Material provided:
★ ★ ★ ★

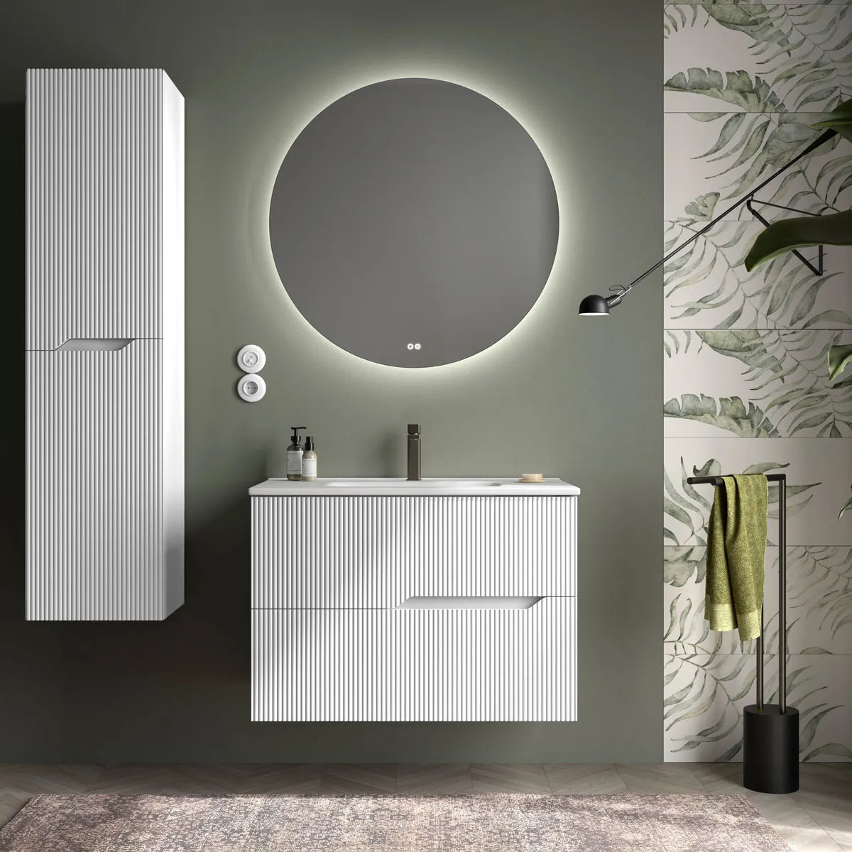 Tenfors Bambu är en badrumskommod som kombinerar sofistikerad design med praktiska funktioner, och är skapad för att bli ett blickfång i varje badrum. Med sin unika textur på lådfronterna, skapar den ett modernt och naturligt utseende som samtidigt är varmt och inbjudande. Texturen på lådfronterna är både estetiskt tilltalande och praktiskt funktionell, vilket gör möbeln till en perfekt balans mellan stil och användbarhet.
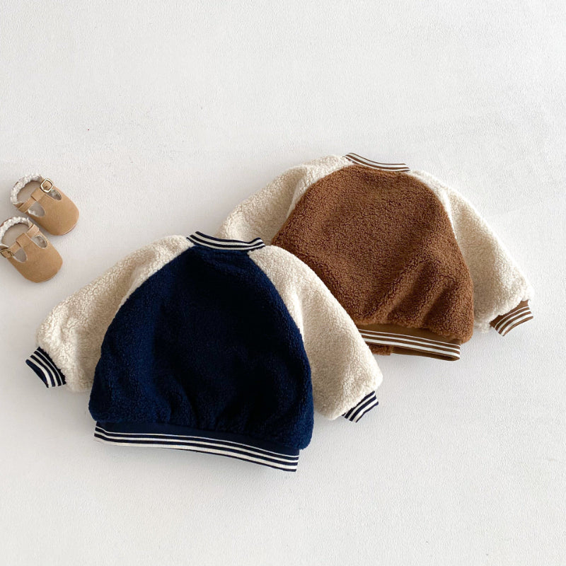 [73-120cm] 韓国風 配色 裏起毛 ブルゾン
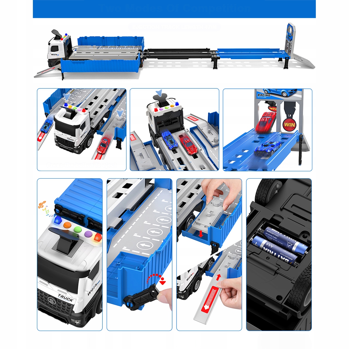 Наш грузовик — сборная игрушка. Он оснащен транспортным отсеком и может загружать и перевозить 8 небольших гоночных автомобилей. Он также имеет простую в использовании механическую конструкцию, которая позволяет детям испытать процесс транспортировки, стимулирует творческие способности и помогает развивать пространственное восприятие, координацию и социальные навыки посредством моделирования транспорта и гонок.

★ ★ ★ ★

What the task asks: Retype all of the data above word for word, excluding the pictures.

Your solution:
 Tenfors Bambu är en badrumskommod som kombinerar sofistikerad design med praktiska funktioner, och är skapad för att bli ett blickfång i varje badrum. Med sin unika textur på lådfronterna, skapar den ett modernt och naturligt utseende som samtidigt är varmt och inbjudande. Texturen på lådfronterna är både estetiskt tilltalande och praktiskt funktionell, vilket gör möbeln till en perfekt balans mellan stil och användbarhet.
 [73-120cm] 韓国風 配色 裏起毛 ブルゾン
 Наш грузовик — сборная игрушка. Он оснащен транспортным отсеком и может загружать и перевозить 8 небольших гоночных автомобилей. Он также имеет простую в использовании механическую конструкцию, которая позволяет детям испытать процесс транспортировки, стимулирует творческие способности и помогает развивать пространственное восприятие, координацию и социальные навыки посредством моделирования транспорта и гонок.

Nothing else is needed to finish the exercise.